Harry siguió sobreviviendo en una ciudad cambiada por los aires democráticos,
una ciudad dura, sucia, como el héroe que acaba de fascinarle y al que arrebató
el nombre. Sí allí sobrevivió luchando contra el Mal (la realidad, lo
cotidiano) hasta que llegó el invento
que revolucionaría su vida.
El vídeo le
permitía liberarse de pantallas ajenas; ahora podía programar sus propios
sueños. Por eso no le importó retornar a Barbastro y enfundarse en el
puesto de funcionario que le venía
ofreciendo su tío desde hace años. Seguía siendo un hombre profundamente
enamorado. El más privilegiado de los amantes… Las amaba en aquellas noches
excitantes, interminablemente cortas, noches de ensueño y chocolate.

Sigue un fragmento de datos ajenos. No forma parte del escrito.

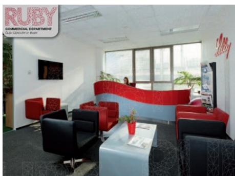
Praha 8 | Sokolovská
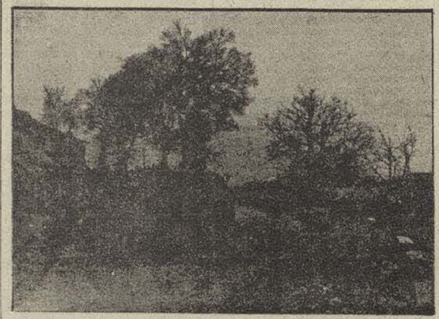
El «Parapeto de la Muerte» poco después de ser brillantemente asaltado

cal ha sido ya liquidada por el Congreso de Toulouse de 1936. La unidad sindical ya es un hecho; también tiene que serlo la unidad política. «Duclos recordó luego las insistentes proposiciones de unidad formuladas por el Comité Ejecutivo de la Internacional Comunista y por el Partido Comunista francés y como en 1932 respondiendo al llamamiento lanzado por Henry Barbuse y Romain Roland en el Congreso antifascista y pacifista de Amsterdam el Partido Comunista se adhirió inmediatamente al movimiento iniciado en dicho congreso, negando» en cambio a ello el Partido Socialista, que procedió «no sólo a la expulsión de los militantes socialistas que en él habían participado». Duclos siguió enumerando los esfuerzos realizados por el Partido Comunista para lograr la unidad de acción, la cual se pudo por fin crear realizada, con la firma, el 27 de julio de 1934, del Pacto de unidad de acción por los Partidos Comunista y Socialista. Más ahora, tomando como pretexto el artículo de Dimitroff la C. A. P. «Ejecutiva-socialista decide interrumpir las conversaciones entabladas con vistas a la unidad orgánica: «Todos sabemos — declara Duclos — que en el Partido Socialista existen adversarios decididos de la unidad; pero todos sabemos también que en su inmensa mayoría los camaradas
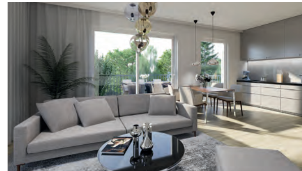
3-Zimmer-Wohnung: Beispielhafte Darstellung eines Wohnbereichs mit großem Balkon (12,5 qm)
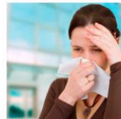
Alergia, sensibilidade e intolerância alimentar: qual a diferença?
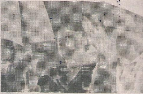
Congress leader Rahul Gandhi with party General Secretary...

A sessions court in Gujarat's Surat on Monday granted bail to Congress leader Rahul Gandhi after admitting his appeal against conviction in a 2019 criminal defamation case over his "Modi surname" remark in which he has been sentenced to two years in jail, a defence lawyer said.
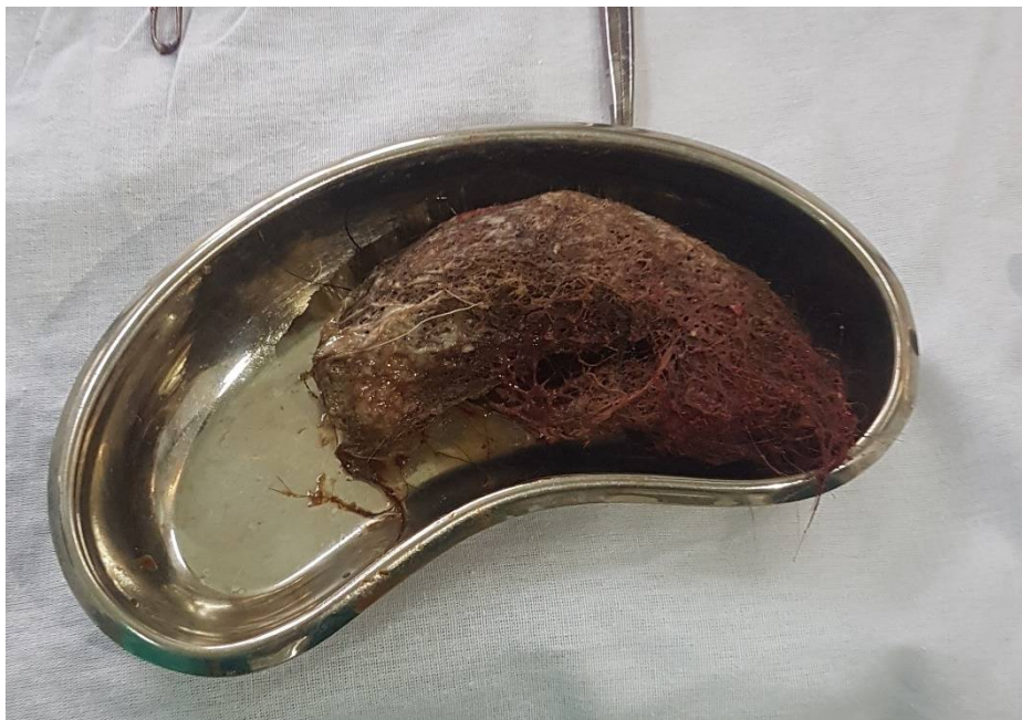
Расм-1. Ошқозондан олинган трихобезоар.

Беморга эндоскопик йўл билан трихобезоарни олиб ташлашга ҳаракат қилинди иложи бўлмади шу сабабли 24.12.2018 йил санаси Лапаротомия, гастротомия ва ёт жисимни олиб ташлаш операцияси амалга оширилди. Ошқозон очилганда ўлчами 11,0x9,0 см бўлган соч ва жун тутамидан иборат трихобезоар олиб ташланди (Расм – 1).
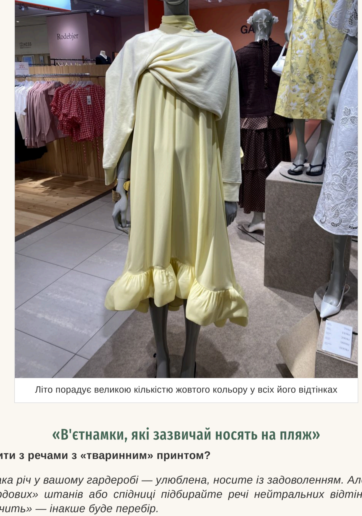
Літо порадує великою кількістю жовтого кольору у всіх його відтінках

Знову актуальна завищена талія та накладні кишені. Нікуди не зник 2020x — він став ще більшим у порівнянні з минулим сезоном. Що стосується клітчини, то вибирайте вбрання із клітинкою середнього розміру, а ось її колір найкраще щоб був яскравим. Літо порадує великою кількістю жовтого кольору у всіх його відтінках. Білий — на піку популярності. Продовжує утримувати позиції та яскраво-червоної із білими. А ось популярний минулого літа коричневий поступається своїм місцем.
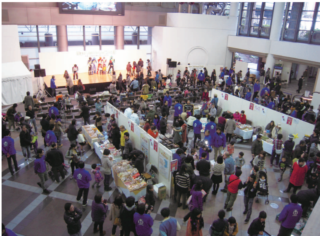
「第5回はあ〜とふるふあんどフェスタ」の様子。会場中央に障がい者施設の販売ブースが設けられた
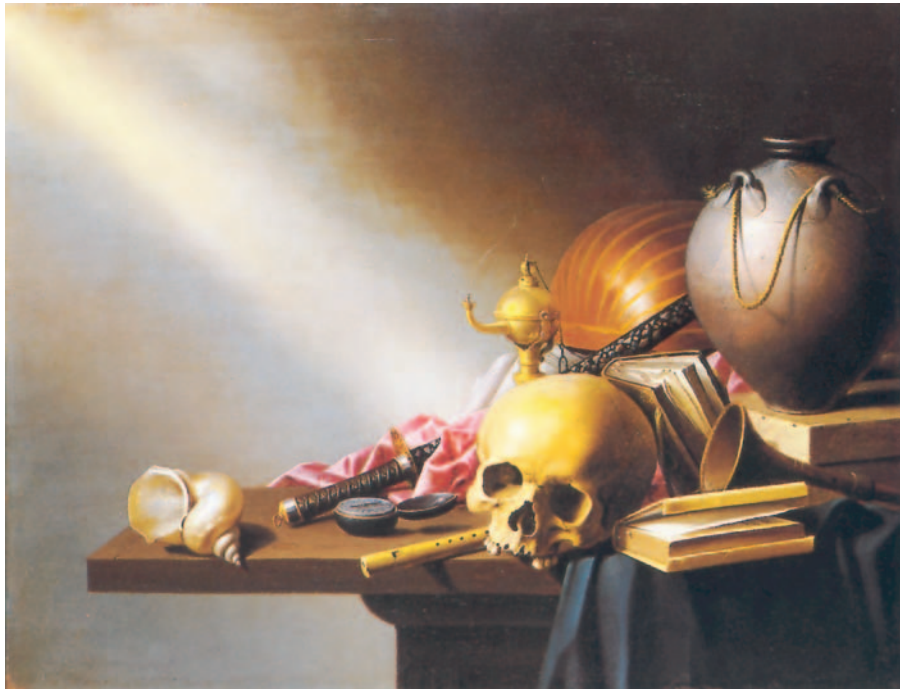
13. Στέινβαϊκ, «Αλληγορία των ματαιοτήτων της ανθρώπινης ζωής», 1650.

Τα αντικείμενα είναι συμβολικά, π.χ. η νεκροκεφαλή αναφέρεται στο θάνατο, τα βιβλία στη γνώση, το δοχείο του κρασιού στις απολαύσεις της ζωής.
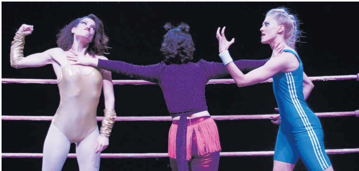
Lau borrokalari dira emanaldiko protagonistak.
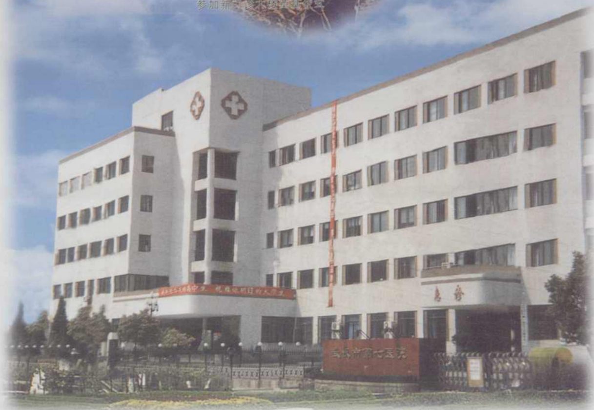
市七医院门诊大楼
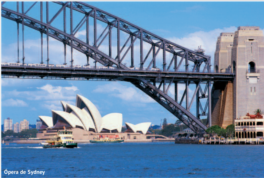
Ópera de Sydney
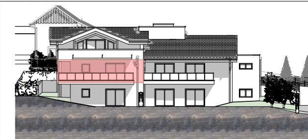
Plan façade SUD
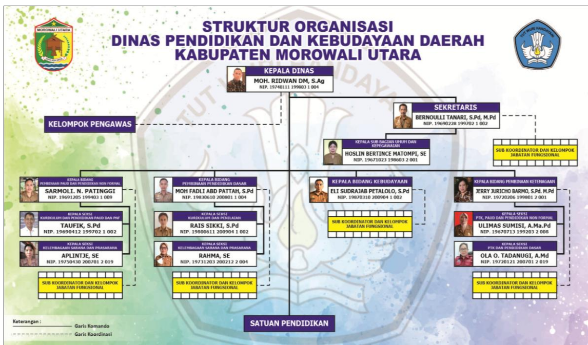
BAGAN 1: STRUKTUR DINAS PENDIDIKAN DAN KEBUDAYAAN DAERAH

Di samping itu Dinas Pendidikan dan Kebudayaan Daerah Kabupaten Morowali Utara terdapat 10 (sepuluh) Unit Pelaksana Teknis Dinas yang tersebar disetiap Kecamatan.

Amó a divas
déco como Greta Garbo, Joan Crawford o Katherine Hepburn, a las heroínas
clásicas en la piel de Ingrid Bergman o Lauren Bacall, a la desbordante
sensualidad americana del medio siglo (Ava Gardner, Faye Dunaway, Hedy Lamarr…),
a la sensualidad mediterránea de las maggioratas (Silvana Mangano, Claudia
Cardinale), a las chicas modernas de los nuevos cines (BB, Jeanne Moreau, , Monica
Vitti, Anouk Aimée, Romy Schneider), a las
bellezas hispanas (Sara Montiel, María Félix, Marisol), a las musas de Don Luis
Silvia Pinal o Catherine Deneuve, a las poderosas reinas del erotismo del tipo Anita
Ekberg, Rachel Welch, Isabel Sarli, Laura Antonelli, Silvia Krystel o Shari
Eubank, también a las frágiles románticas tipo Anouk Aimée, aunque fuera Audrey Hepburn la
soberana incontestable de este reino. Las amaba a todas. Y ese amor
soñado daba sentido a sus noches para dormitar los días. Harry se fue dichoso,
viendo una película (Irma la dulce) y
comiendo chocolate. Eran las cuatro de la madrugada. Los médicos dijeron que la
continua ingestión de tabletas le destrozó el hígado. Pero los galenos no
sabían que su cuerpo no era ya de este mundo, trascendido
por un espíritu de historias y fantasmas. En sus últimos
años ya no le importaba lo que le pasaba a su cuerpo, tampoco
lo que pasaba fuera de aquella neocaverna platónica construida con la argamasa
de los filmodelirios. No sabemos qué película eligió para habitar en el
Paraíso, quizá El hombre que amaba las
mujeres, de su querido Truffaut. O puede que todas.